M.I.L.F : La trinité de la maternité

Le Centre du Théâtre d’Aujourd’hui accueille le temps de quelques représentations le Théâtre du Trillium qui nous présente sa toute dernière création qui s’intitule M.I.L.F. Écrite par l’autrice Marjolaine Beauchamp, la pièce nous présente trois femmes au parcours à la fois similaire et divergent. Sur un ton tranchant et sans détour, ces trois mères nous témoignent leurs frustrations, leurs rêves, leur résilience et plus encore. Trois histoires qui se font écho entre elles afin de mettre la hache aux tabous de la maternité et de la sexualité.

Un message symbolique fort et sans détour

Il est très difficile, voire plutôt impossible, de résumer la pièce de façon conventionnelle. Autant parler de la forme de l’écriture. En effet, le texte est excessivement poétique. Il faut savoir que l’autrice est reconnue comme poète et non en tant que dramaturge à la base. Le récit déroge, de ce fait, du cadre narratif habituel et offre un récit symbolique où le quotidien des trois femmes s’entrecroise. Il n’y a qu’une seule scène de dialogue. Encore là, il ne s’agit pas d’un dialogue à proprement parler, mais d’un échange anecdotique indirect où chacune des femmes partage ses aventures, ses envies et ses fantasmes. Question poésie, l’autrice offre une belle palette émotionnelle aussi crue que profonde ainsi que des réflexions fortes sur la réalité maternelle. Elle jongle avec le devoir qu’implique être une mère tout en soulignant en caractère gras la sexualité de celles-ci ainsi que les enjeux que cela implique.

Par contre, si l’on tourne la médaille de l’autre sens, il peut arriver de perdre le fil dans ces flots émotifs, car le texte nous donne peu de repères afin de se retrouver. La poésie est, bien sûr, un genre d’écriture plus abstrait, n’empêche qu’un peu de cohésion et une ligne directrice restent importants. Sans dire que la pièce ne fait aucun sens, certains passages demandent un peu plus d’effort afin de s’y retrouver. Ceci dit, ne cherchez pas le sens à tout prix. Il est plus avisé de simplement se laisser transporter par l’émotion que ces femmes désirent transmettre, car il y en a un paquet.
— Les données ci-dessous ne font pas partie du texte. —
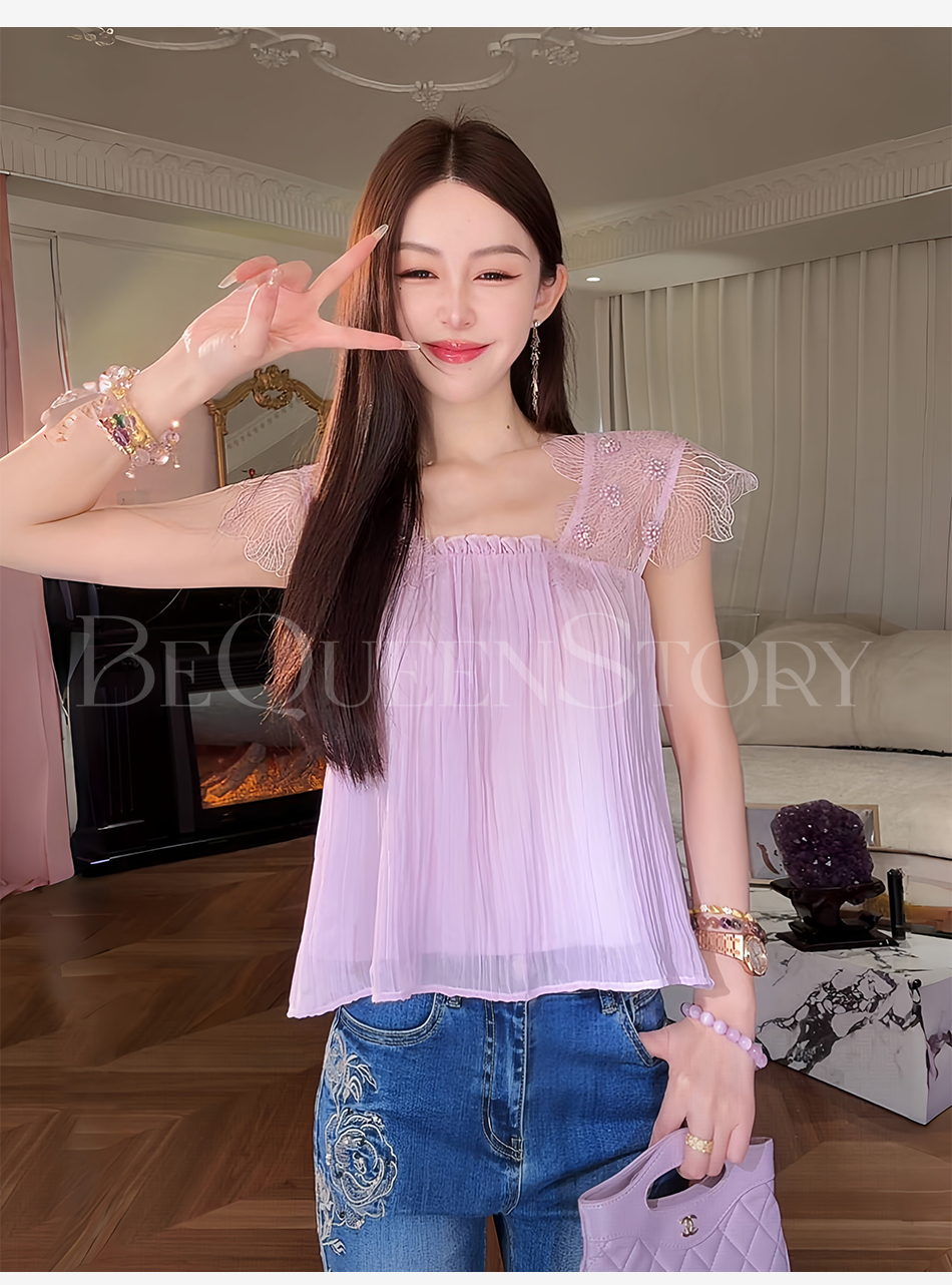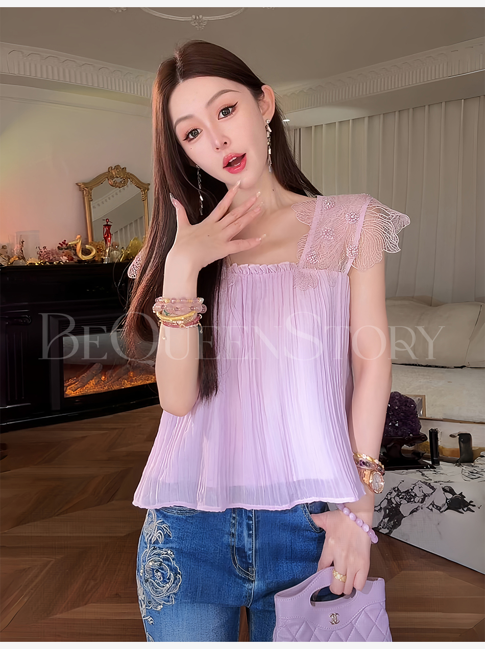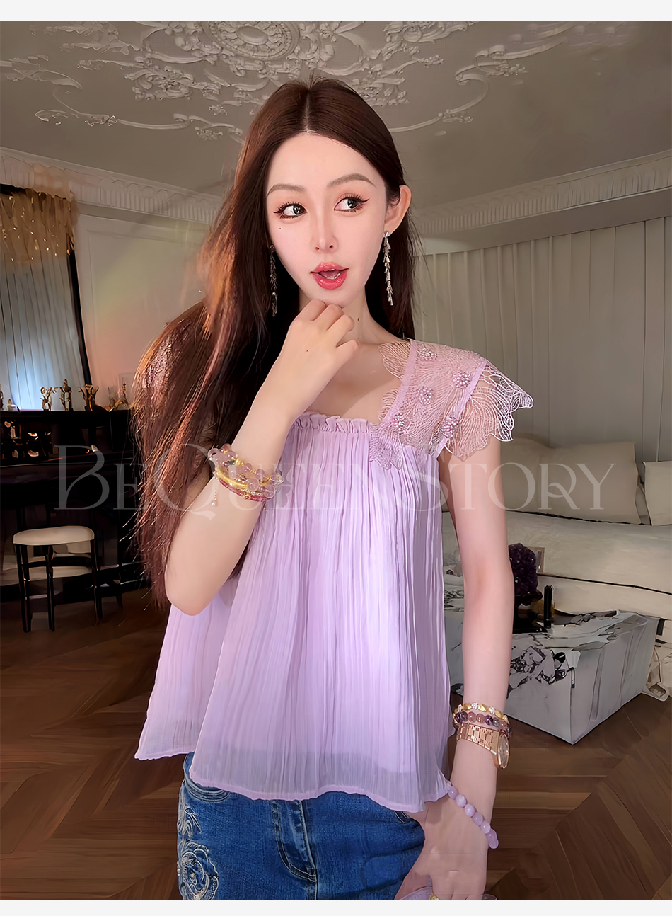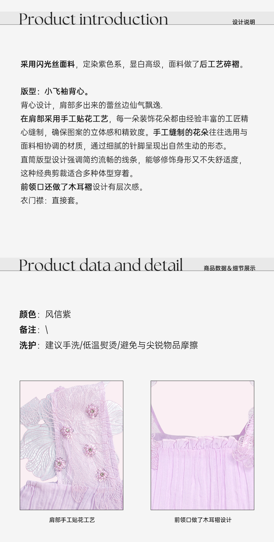 余潇潇【花肩有约】闪光丝蕾丝边手工缝制花朵小飞袖背心2025夏季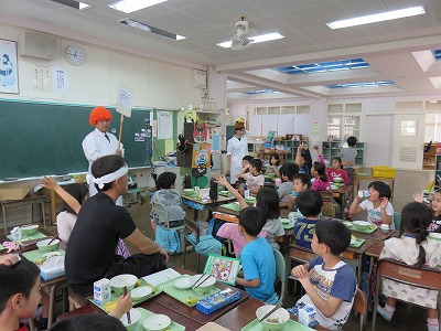 食育ロボも喜んで、各クラスの給食時間を見守っていました。

Comme public, on se sent impliqué dans un ouragan de sentiments et de pensées. Il vaut donc mieux se laisser submerger par la vague déferlante de sentiments, d’angoisses et de désirs car tel est l’essence de M.I.L.F.  : un cri du cœur qui cherche à rappeler que, lorsqu’on devient mère, on ne cesse pas d’être femme, malgré qu’aux yeux de certains ( voire beaucoup ) d’hommes cela n’est malheureusement pas le cas. Tout cela pour dire qu’il est intéressant d’entrecroiser poésie et théâtre, mais qu’il n’est pas aisé de le faire. Le résultat n’est pas parfait, certes, mais mérite qu’on se penche dessus.

Une mise en scène dénudée

Question mise en scène, le spectacle est également monté de façon non conventionnelle. Comme de raison, tous les changements sont fait à vue de tous, une pratique qui est plus courante aujourd’hui mais qui reste hors-norme. Dans le cas présent, ce choix met en écho l’idée de mise à nu et d’exposition directe que projette le spectacle. Le décor est assuré par un arsenal d’éclairages portatifs que la troupe a su utiliser, de façon générale, d’une manière ingénieuse et pertinente.

Toutefois, certains choix de mise en scène restent discutables, dans le sens qu’ils ne rajoutent rien comme tel à l’ensemble du spectacle. À défaut de donner des exemples par souci de garder la surprise, vous pourrez constater par vous-même. Les choix techniques, quant à eux, donnent pour effet de briser l’immersion que l’on recherche habituellement au théâtre, ce qui finit par être déstabilisant sans gâcher l’ambiance pour autant. Le point le plus positif de la mise en scène réside dans la façon dont la troupe s’y est prise afin de générer les différents lieux, car il n’est pas aisé d’insuffler la vie à un décor rempli de fils et de lumières. La trame sonore apporte également une couleur aux textes et vient aider à rendre le tout plus vivant.

Mention spéciale aux trois comédiennes qui ont su donner vie à un texte aussi abstrait. Il est ardu pour tout comédien de rendre à un tel matériel une dimension humaine. On peut vraiment dire qu’elles ont un très grand sens théâtral.

En guise de fin, n’hésitez pas à vous procurer un billet si vous êtes à la recherche d’œuvres éclatées. Le message est fort et même si l’exécution n’est pas impeccable, le message reste poignant tout en soulevant des enjeux qui, de façon regrettable, n’a jamais été autant d’actualité.

Au Centre du Théâtre d’Aujourd’hui jusqu’au 7 mars.